Midway layover questions

Does Chicago Midway have any lounges?

Yes, one. The Club MDW opened in September 2024 in the Central Market where the concourses meet, the first shared use lounge in the airport's history. It accepts Priority Pass within 2.5 hours of departure and sells day passes for around $50 with a 3 hour maximum stay.

Can I sleep overnight at Midway?

The building stays open around the clock, but between midnight and 4 am access is limited to ticketed passengers, and the security checkpoint closes overnight, so you wait it out landside. The lights stay bright and the building runs cold. The hotels across Cicero Avenue with free shuttles are the better night.

How do I get from Midway to downtown Chicago?

Take the CTA Orange Line from the station attached to the terminal. The ride to the Loop takes about 25 minutes for a standard CTA fare, with no airport surcharge at Midway. Trains run from roughly 3:30 am to about 1:25 am on weekdays, with slightly later starts on weekends.

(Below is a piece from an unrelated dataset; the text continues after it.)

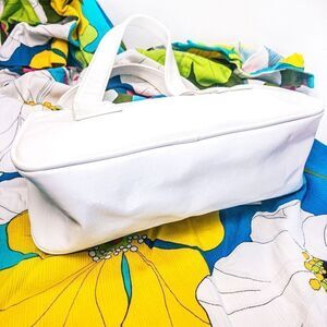 Funky go-go style handbag in faux white leather, two short straps, and sassy, silvertone buckles.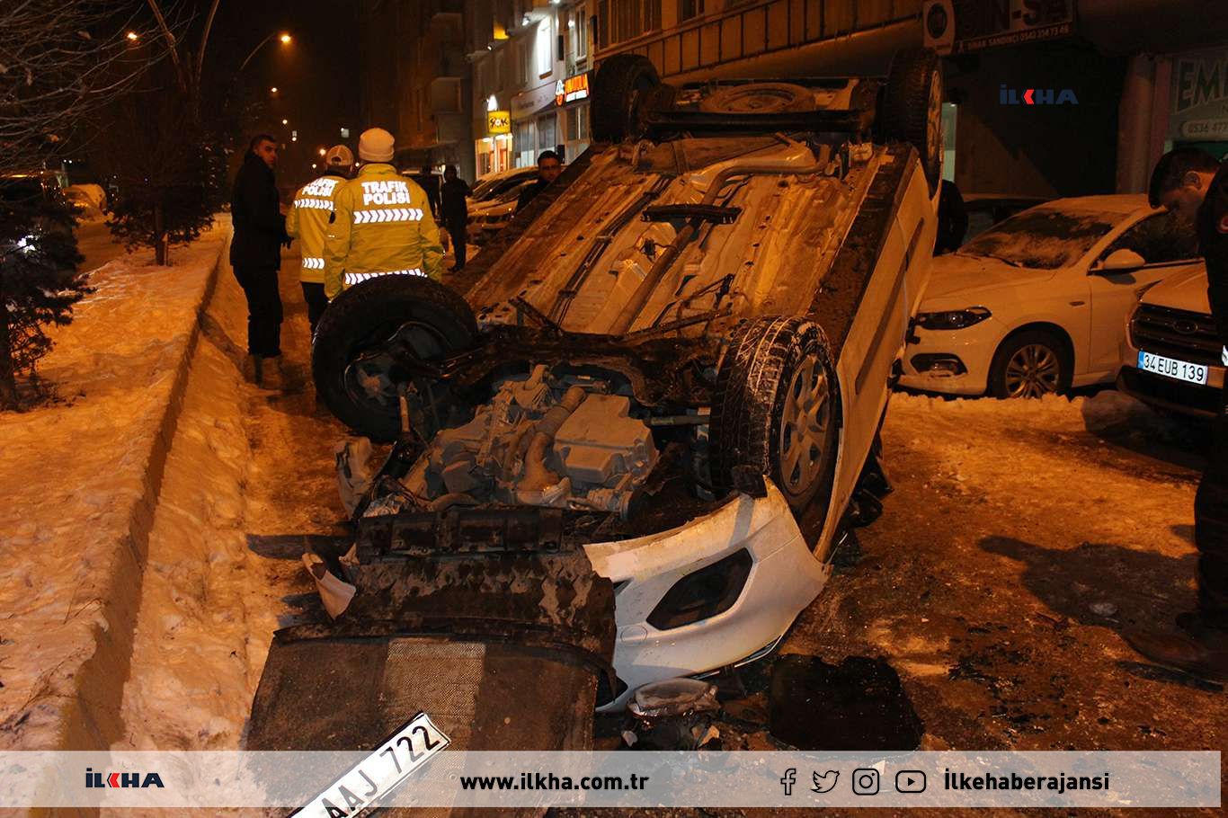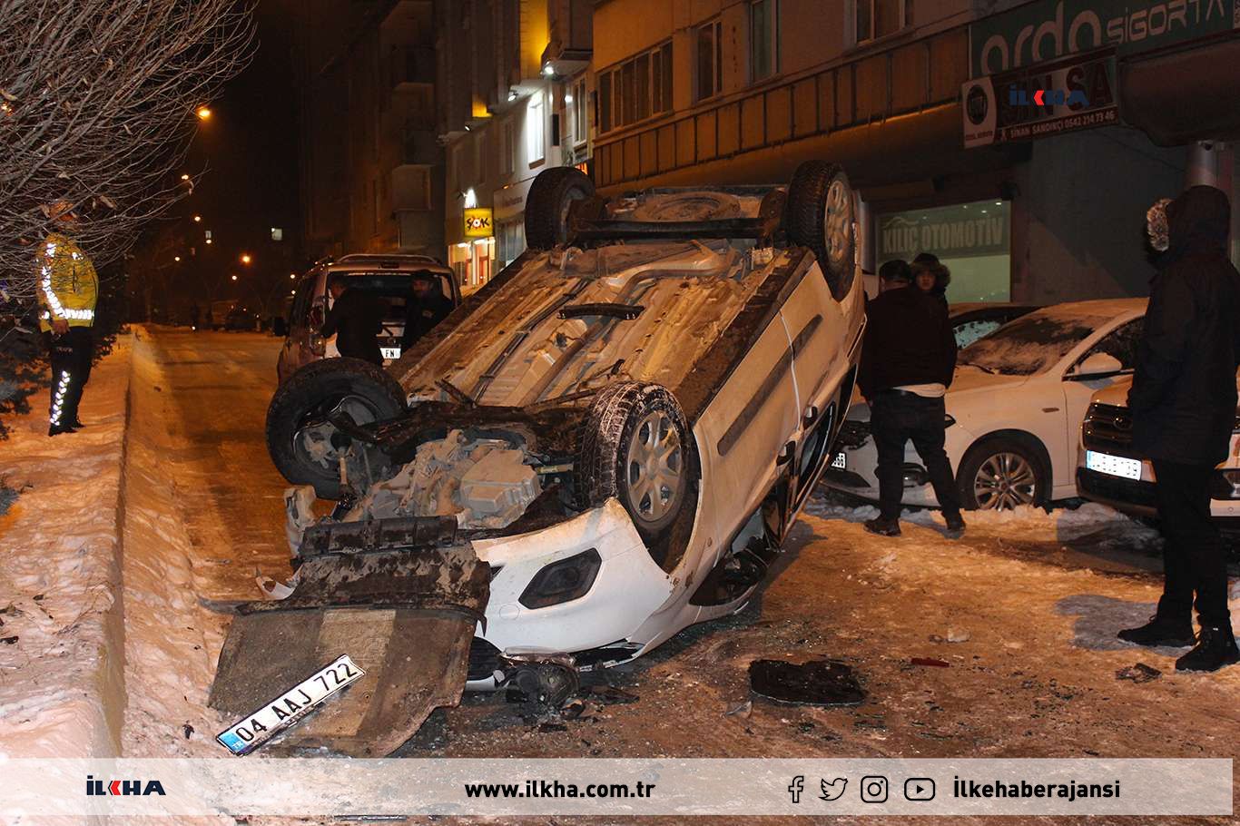 Edinilen bilgilere göre, 04 AAJ 722 plakalı G.D. yönetimindeki hafif ticari araç Hanibaba Bulvarı'nda seyir halinde ilerlediği sırada buz tutan yolda kontrolü sağlayamayarak önce aynı istikamette ilerleyen 21 FN 491 plakalı araca arkadan çarptı, ardından orta refüje çarparak ters döndü.

Are all Midway concourses connected airside?

Yes. One security zone feeds Concourses A, B and C, and all three meet at the Central Market. The walk between concourses takes minutes, and there is no second screening when you change concourses.

Is wifi free at Chicago Midway?

Yes. Free wifi runs throughout the terminal on the airport's official network. It is ad supported, so expect to tap through a short ad before you connect.

Is there a hotel inside Midway airport?

No. The nearest beds are at the Midway Hotel Center, a cluster of chain hotels just south of the terminal on Cicero Avenue, served by free shuttles. The Hilton Garden Inn there quotes a 24 hour shuttle running about every 20 minutes.